Nell guided Pound along with a firm hand on his waist.
“We should be getting word shortly on the status of Section One. In the meantime, let’s take a look at some things that we’ve already found, OK?”
The afterburners of an F-14 Tomcat roared as it was catapulted from the deck of the U.S.S. Enterprise.
When the bone-rattling tumult had passed, a Navy officer resumed shouting at Zero over a revving V-22 Sea Osprey, which stood behind her on the gray plane of the flight deck.
“You’re the only one who’s been in there and survived,” the officer yelled.
Zero looked around at the busy men and women on top of the gigantic aircraft carrier. “What makes you think I would go back in there?” he shouted back.
“Cynthea said you wanted to get off the Trident,” she yelled. “You’ll be quarantined on the island until this is over. The President needs a cameraman there-if you want it, the job is yours!”
Zero looked around wryly in the direction of the Trident. “I’ll be damned,” he muttered. He pointed at a monster RV. “In that thing?”
Sitting on the deck with a thick cable attached to its roof was the most macho off-road vehicle Zero had ever seen. Aside from the word “NASA” stenciled in red on its side, impressive by itself, the rover had two monster knobby tires in front and halftracks behind. It had four bubble windows like those on a deep-sea sub, three in front and another at the rear. Protruding from the front of the vehicle was a wedge-shaped grille like the cowcatcher on a 19th-century locomotive. Two heavy robotic arms were folded to either side of the front bubble, like the arms of a praying mantis.
“The XATV-9,” the Navy officer shouted over the Osprey’s engines, pointing behind her. “NASA’s experimental Mars rover! Shipped in by special order of the President himself. You couldn’t be safer in your mother’s arms, sir! What do you say?”
The lensman in Zero answered. “OK,” he shouted, cursing himself at the same time.
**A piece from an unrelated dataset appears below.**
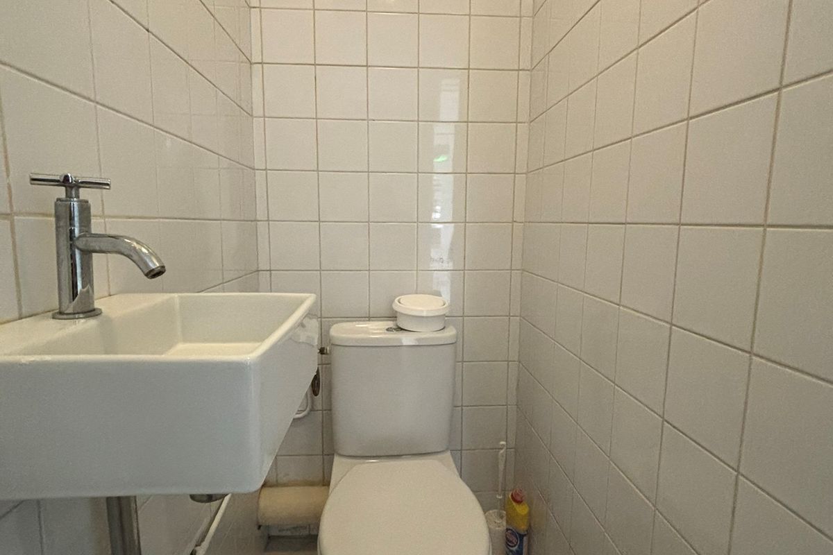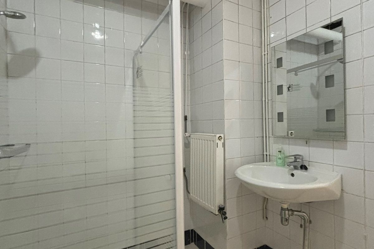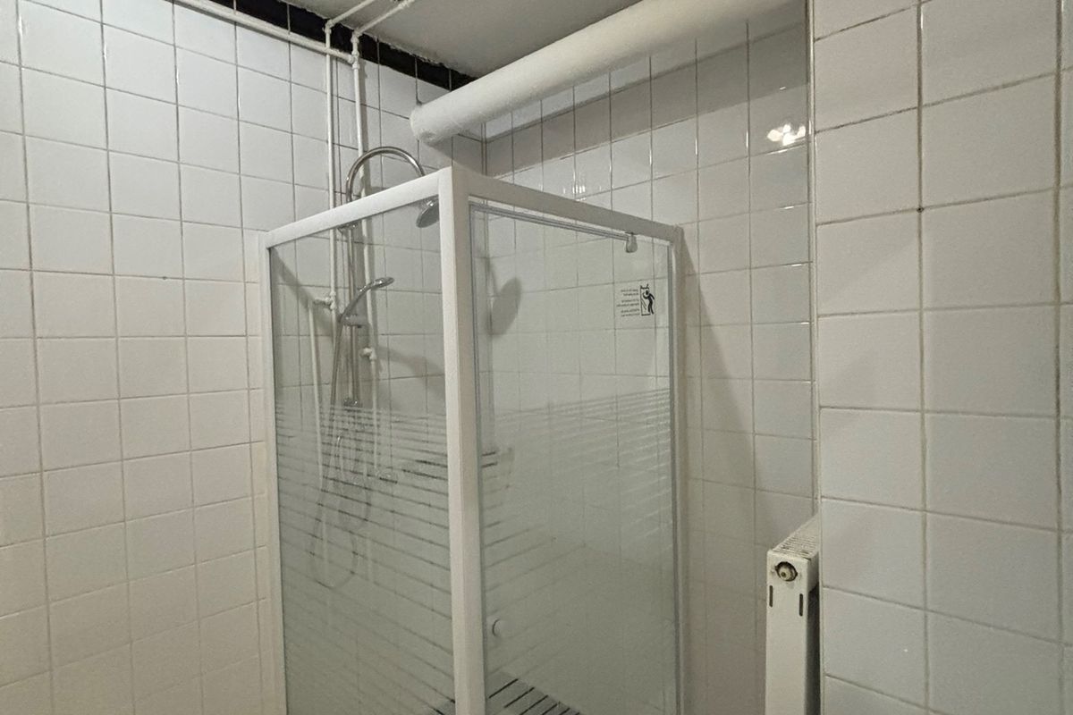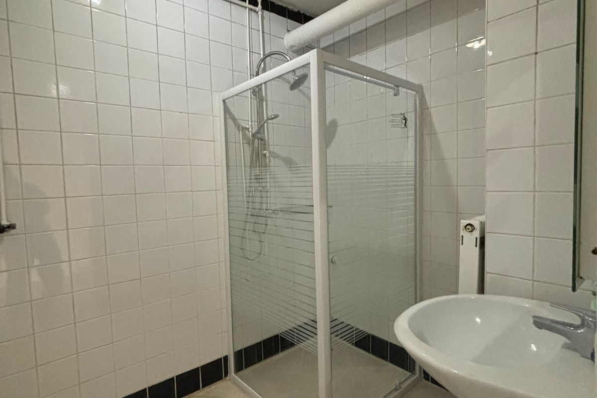 De badkamer is netjes betegeld en voorzien van een douchecabine, wastafel en aansluiting voor de wasmachine. Daarnaast is er een separaat toilet met een wasbak.

“You need to get in now, sir!”
Two flight deck crewmen rushed Zero forward. They sealed the airtight hatch behind him as he climbed into a sunken shotgun seat before the three bubble windows. A control panel out of Buck Rogers glittered between Zero and the driver, who was a clean-cut man in a navy blue jumpsuit. He gave Zero a confident thumbs-up and then pointed at a nice Steadicam on a folding robotic arm mounted to the roof above the shotgun seat.
“Strap yourself in quick,” the driver advised. “You ain’t never had a ride like this.”
Zero clicked the seat harness and grabbed the handles of the Steadicam, which swung down weightlessly from the ceiling. He put the wide viewfinder to his left eye just as the Osprey yanked them off the deck.
“Woo-Hoooo!” the driver yelled.
They swung out over the ocean. Zero gulped as he aimed the camera out the window.